As lnd does not know whether my peer received the HTLC, it has to wait for a timeout. This timeout ended in block 823615 (2023-12-30 23:12:43). My node uses some crude scripts to reconnect to peers that are offline, even disconnecting from those that appear to be offline if there's some stuck HTLC in one of their channels.
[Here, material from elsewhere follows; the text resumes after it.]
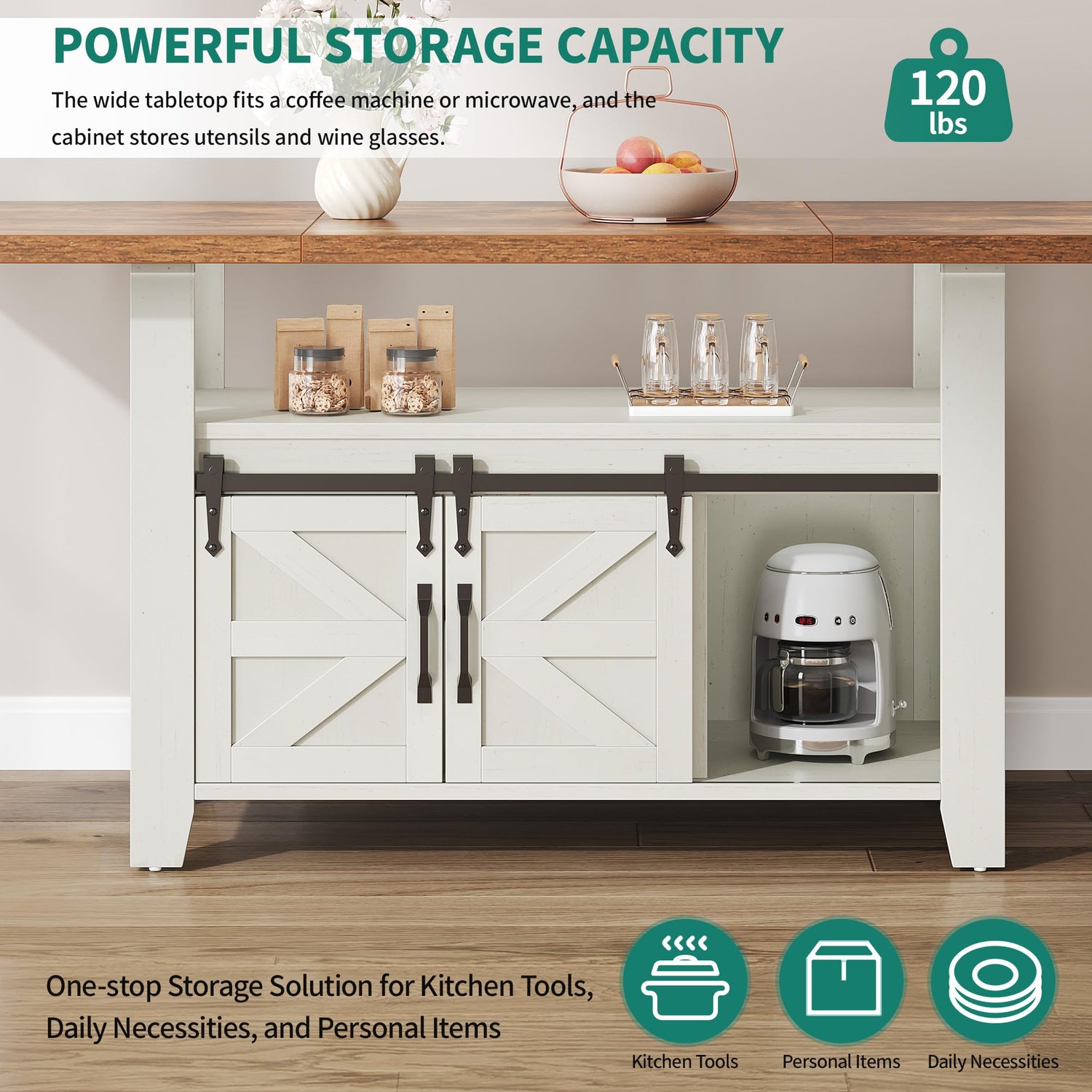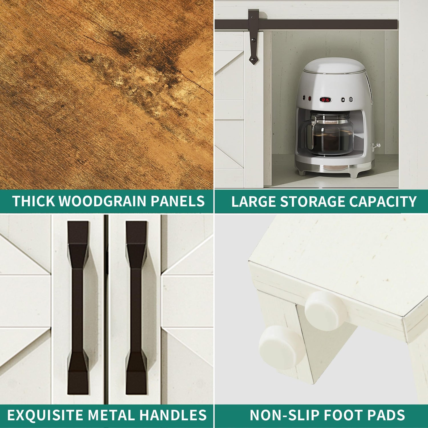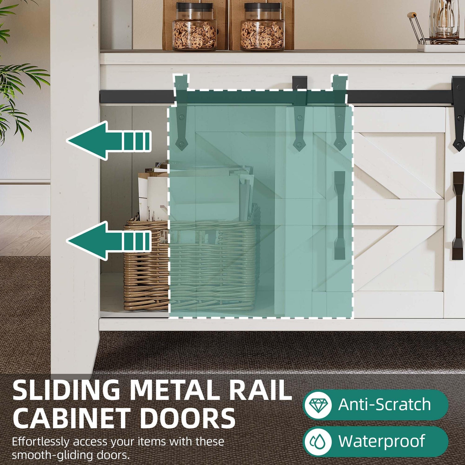 • Farmhouse Dinner Table: The smooth, upgraded metal sliding system makes opening a breeze, no more banging doors. Plus, the chic mix of vintage white and rustic brown, with its sleek metal charm, brings a cozy farmhouse & American vibe to your space

Despite these efforts, my peer did not reconnect and, thus, did not settle/fail the HTLC in time, forcing my node to reclaim the funds on-chain:
2023-12-30 23:12:43.051 [DBG] CNCT: ChannelArbitrator(43a63045a6b7fc2be07424afd5eda561ea01009c057ab8693b2d2212a4a015d5:1): new block (height=823615) examining active HTLC's 2023-12-30 23:12:43.055 [DBG] CNCT: ChannelArbitrator(43a63045a6b7fc2be07424afd5eda561ea01009c057ab8693b2d2212a4a015d5:1): checking commit chain actions at height=823615, in_htlc_count=0, out_htlc_count=1 2023-12-30 23:12:43.058 [INF] CNCT: ChannelArbitrator(43a63045a6b7fc2be07424afd5eda561ea01009c057ab8693b2d2212a4a015d5:1): go to chain for outgoing htlc 6ac792db9b79f262bb941dec776ac676980c2bd7c294443316330c742c2ac706: timeout=823615, blocks_until_expiry=0, broadcast_delta=0 2023-12-30 23:12:43.076 [DBG] CNCT: ChannelArbitrator(43a63045a6b7fc2be07424afd5eda561ea01009c057ab8693b2d2212a4a015d5:1): attempting state step with trigger=chainTrigger from state=StateBroadcastCommit 2023-12-30 23:12:43.077 [INF] CNCT: ChannelArbitrator(43a63045a6b7fc2be07424afd5eda561ea01009c057ab8693b2d2212a4a015d5:1): force closing chan 2023-12-30 23:12:43.103 [INF] CNCT: Broadcasting force close transaction bfea88acb1b00ac48cbe6e571f41d8016012ba31813f1b7e94105a349c890d42, ChannelPoint(43a63045a6b7fc2be07424afd5eda561ea01009c057ab8693b2d2212a4a015d5:1): [...]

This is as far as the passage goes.